Grain and Livestock End Lower in Risk Off Session: Are the Grain Markets Topping?

Grain and livestock futures all end lower in a risk off day according to Rich Nelson of Allendale. What triggered it and is this topping action in the grain markets?

Grain and livestock futures all end lower in a risk off day.

Rich Nelson of Allendale says it was tied to outside markets, the fast-planting pace and another HPAI case in an Iowa poultry flock.

“Now an Iowa based egg laying farm is infected and more than 4 million birds need to be culled. Keep in mind last week there was a story of around 1 million birds were infected out of Minnesota,” he says. He says the bird flu case psychologically impacts the grains with ideas of lower feed demand.

The weather concerns have also been alleviated by the planting pace USDA reported on corn at 83% done and soybeans at 68%, which are both ahead of the 5-year average.

“Keep in mind from our view this corn pace does imply a very minimal yield drag off a trend yields but it’s not enough to change the general supply story and for soybeans you could argue higher yield,” Nelson reported.

It is also end of the month which may have resulted in some profit taking after the grain markets rallied during May.

However, is the grain market starting to put in a top?

The global weather concerns for wheat, focused on Russia and Ukraine, have not gone away and India now says it will import wheat for the first time in six years.

However, Nelson says these factors may be adequately priced into the current market and the corn and soybeans may also have enough weather premium for this stage of the growing season until a summer weather story surfaces.

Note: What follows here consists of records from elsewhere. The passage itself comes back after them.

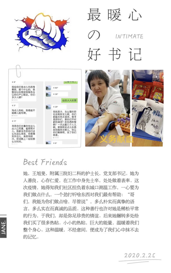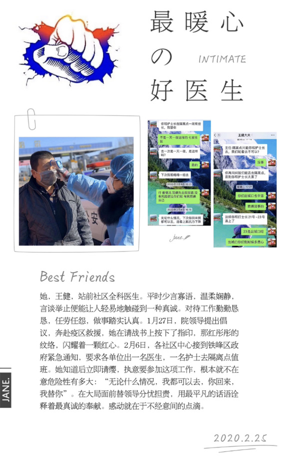 2020年开局,一场始料未及的疫情肆虐祖国大地,华夏儿女勠力同心,凝聚大爱,全力抗击,终于在艰苦卓绝的努力下,疫情有了稳定的势头。疫情无情,人间有爱。抗疫期间,站前社区卫生服务中心工作人员迎难而上,奉献着自己力所能及的光与热,发生在她们身边的事虽不是惊天动地,但带给我们的感动却永远值得被铭记。
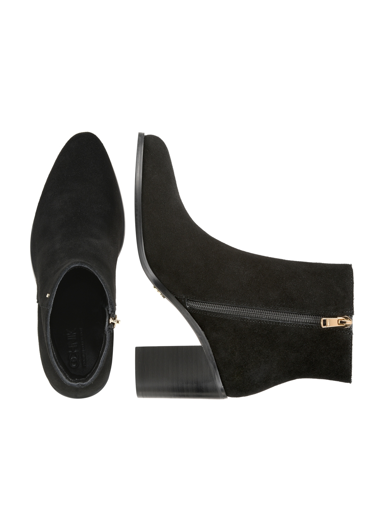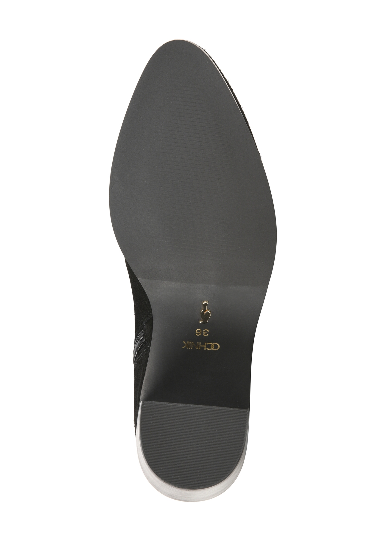 Класичний вигляд черевиків доповнює злегка загострений носок та каблук у формі стовпчика висотою 8 см, що візуально подовжують ноги.
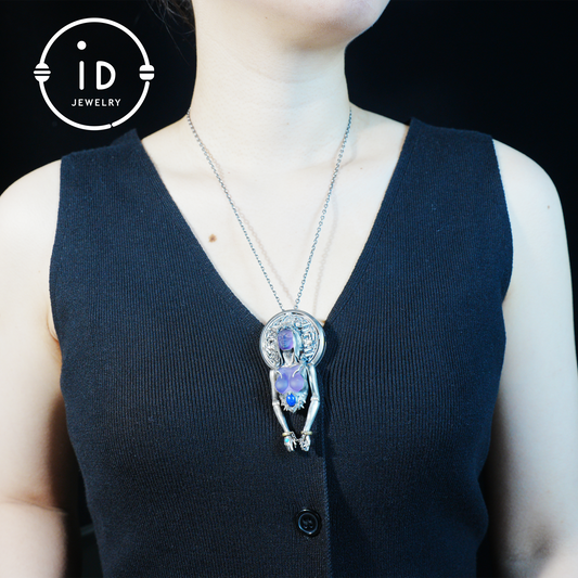 Handmade 925 Sterling Silver Cyber-Gothic Goddess Pendant Necklace | Dark Fantasy Talisman | Feminist Power Symbol | Unique Halloween Gift
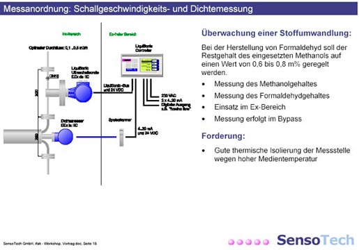 Es werden zwei Messverfahren eingesetzt: die Messung der Schallgeschwindigkeit und der Brechzahl. Durch die Kombination beider Verfahren und Verknüpfung
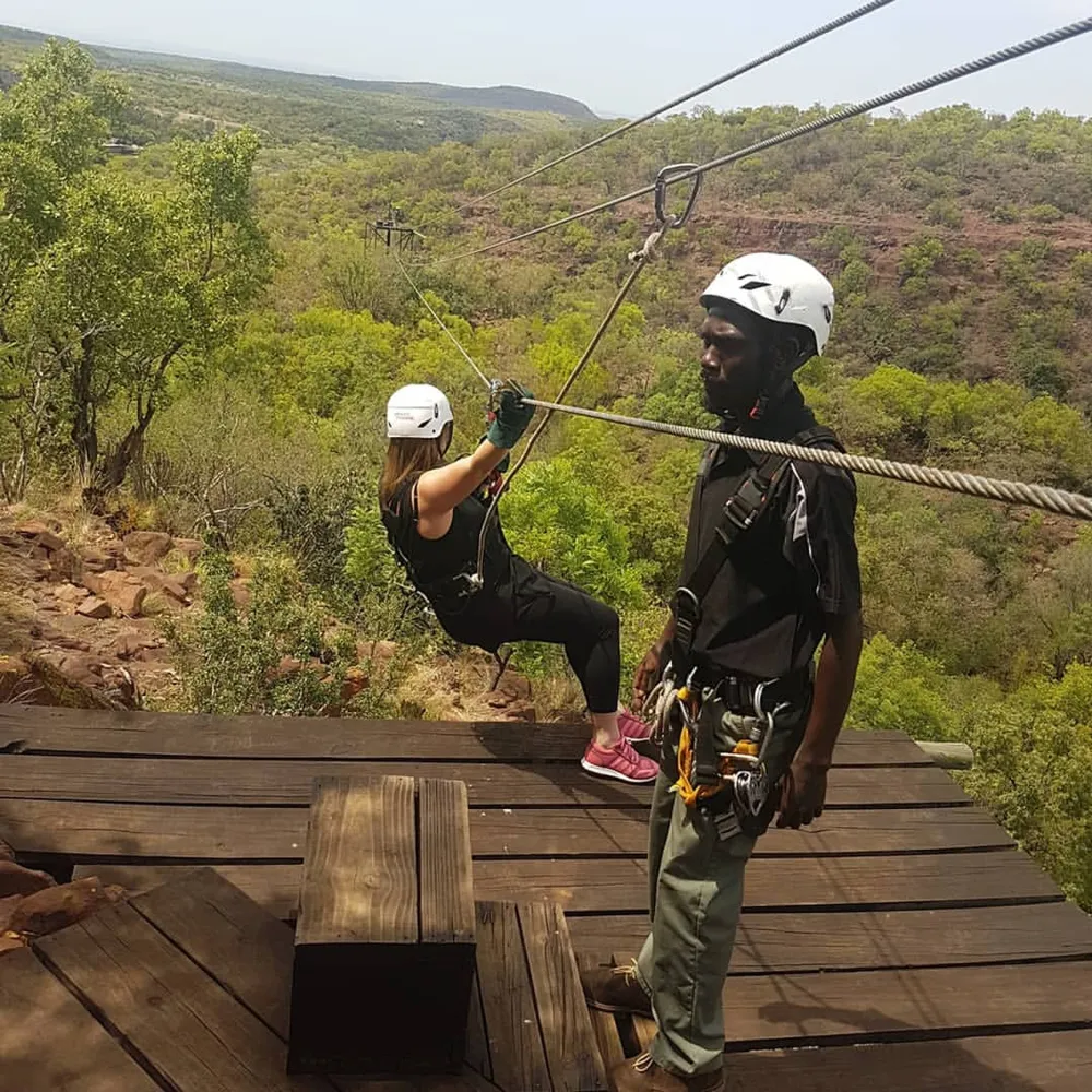 Soar through the Waterberg Mountains on an exhilarating ziplining adventure. This unforgettable experience provides panoramic views and an adrenaline rush for the entire family, suitable for children aged 5 and up, where you can slide through the stunning mountains.
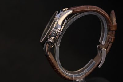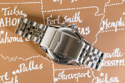 The case has a fine brushed and polished stainless steel finish and the green dial sports highly luminous gold-tone hands and hour markers. A date display is shown at the 3 o’clock position. A scratch-resistant sapphire crystal is used and the watch is water-resistant to 200 meters. The crown at 4:00 turns the inner (compass marked) bezel. On the Alpinist, the case back is solid and engraved with its unique logo and model information.

“We also have to balance this out with the fact that we have a good U.S. crop right now for both Hard and Soft Red Winter wheat, which are running above USDA’s current hopes,” he says.

Cattle futures consolidated and saw some end of month profit taking after making new highs for the move on Tuesday.

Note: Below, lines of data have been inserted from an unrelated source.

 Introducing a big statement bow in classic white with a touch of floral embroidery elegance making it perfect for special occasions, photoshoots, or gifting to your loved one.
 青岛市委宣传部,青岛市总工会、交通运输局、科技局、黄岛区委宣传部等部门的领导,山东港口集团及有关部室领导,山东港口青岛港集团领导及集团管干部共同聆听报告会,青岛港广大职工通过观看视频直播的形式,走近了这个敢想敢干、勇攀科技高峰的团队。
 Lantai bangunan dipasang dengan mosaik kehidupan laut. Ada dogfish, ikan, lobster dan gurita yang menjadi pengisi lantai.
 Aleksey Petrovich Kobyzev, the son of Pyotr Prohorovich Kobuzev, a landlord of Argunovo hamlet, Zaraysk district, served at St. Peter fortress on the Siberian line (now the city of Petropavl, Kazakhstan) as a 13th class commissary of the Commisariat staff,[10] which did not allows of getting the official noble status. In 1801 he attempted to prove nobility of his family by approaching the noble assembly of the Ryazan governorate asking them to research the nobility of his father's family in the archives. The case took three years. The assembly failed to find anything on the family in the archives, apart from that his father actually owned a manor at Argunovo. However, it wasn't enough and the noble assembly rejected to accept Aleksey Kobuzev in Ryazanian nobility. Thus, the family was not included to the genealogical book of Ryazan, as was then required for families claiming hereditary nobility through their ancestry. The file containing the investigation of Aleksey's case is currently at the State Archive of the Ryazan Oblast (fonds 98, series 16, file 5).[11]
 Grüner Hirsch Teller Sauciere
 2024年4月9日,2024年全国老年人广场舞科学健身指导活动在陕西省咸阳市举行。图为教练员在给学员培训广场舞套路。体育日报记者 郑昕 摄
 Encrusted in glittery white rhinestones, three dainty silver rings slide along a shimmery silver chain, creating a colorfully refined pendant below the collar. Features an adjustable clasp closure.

The market is still holding a sizable premium to last week’s record cash of $190.09 but Nelson says the cash was artificially pushed by packers slowing chain speeds creating a supply squeeze just ahead of peak Memorial Day demand.

Nelson says the live cattle futures are implying a drop in cash prices in coming weeks in the low $180-$182 range for a late summer low. That’s actually not bad. It’s a 3% cut from the traditional normal of a 10% cut from spring to summer.”

He says the tighter cattle supplies are still coming in the last quarter of 2024 and all of 2025.

Meanwhile lean hogs make new lows for the move as Nelson says the cash market has been essentially stuck the last month. “This market is removing the futures premium to the cash and funds are doing it with clear confidence,” he says.